‘With West’s support we can turn the tide’
PRESIDENT Volodymyr Zelensky will today ask Western leaders for more weapons to help oust the Kremlin’s killers from his country.
The urgent call comes after the US officially accused Moscow of committing war crimes.
Vadym Prystaiko, Ukraine’s ambassador to the UK, warned that supplies must be replenished within a week to get the Russians on the run. Kyiv wants longer-range anti-tank weapons and air defence systems to shoot down missiles.
Atrocities
Mr Prystaiko added: “We are actually winning.We can win.With support we can turn the tide. But we’re running out of weaponry.
“We have enough weapons to stop tanks immediately when they approach us. But to clear out our land we need to have something with a much greater distance.”
It comes as the US yesterday formally announced that Russia has committed war crimes in Ukraine.

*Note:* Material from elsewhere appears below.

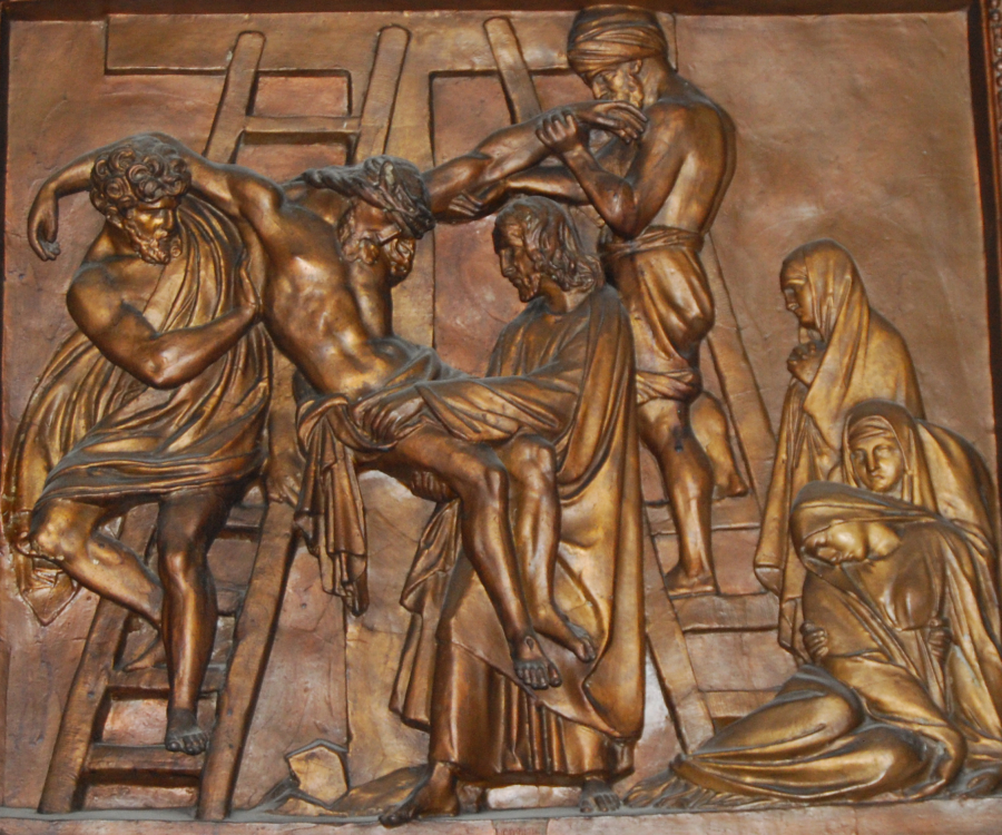 „Potem Józef z Arymatei, który był uczniem Jezusa, lecz krył się z tym z obawy przez Żydami, poprosił Piłata, aby mógł zabrać ciało Jezusa. A Piłat zezwolił. Poszedł więc i zabrał ciało Jezusa.”J 19, 38

Secretary of State Antony Blinken said America would share the details with institutions probing allegations of war crimes and crimes against humanity.
He said: “We’ve seen numerous credible reports of indiscriminate attacks and attacks targeting civilians, as well as other atrocities.
“Russia’s forces have destroyed apartment buildings, schools, hospitals, critical infrastructure, civilian vehicles, shopping centres, and ambulances, leaving thousands of innocent civilians killed or wounded.”
Mr Blinken, who is travelling to Brussels with President Joe Biden for today’s emergency summit of Nato leaders, added: “We are committed to pursuing accountability using every tool available, including criminal prosecutions.” Ukrainian forces have pushed back invaders in several areas around Kyiv, the city’s mayor said.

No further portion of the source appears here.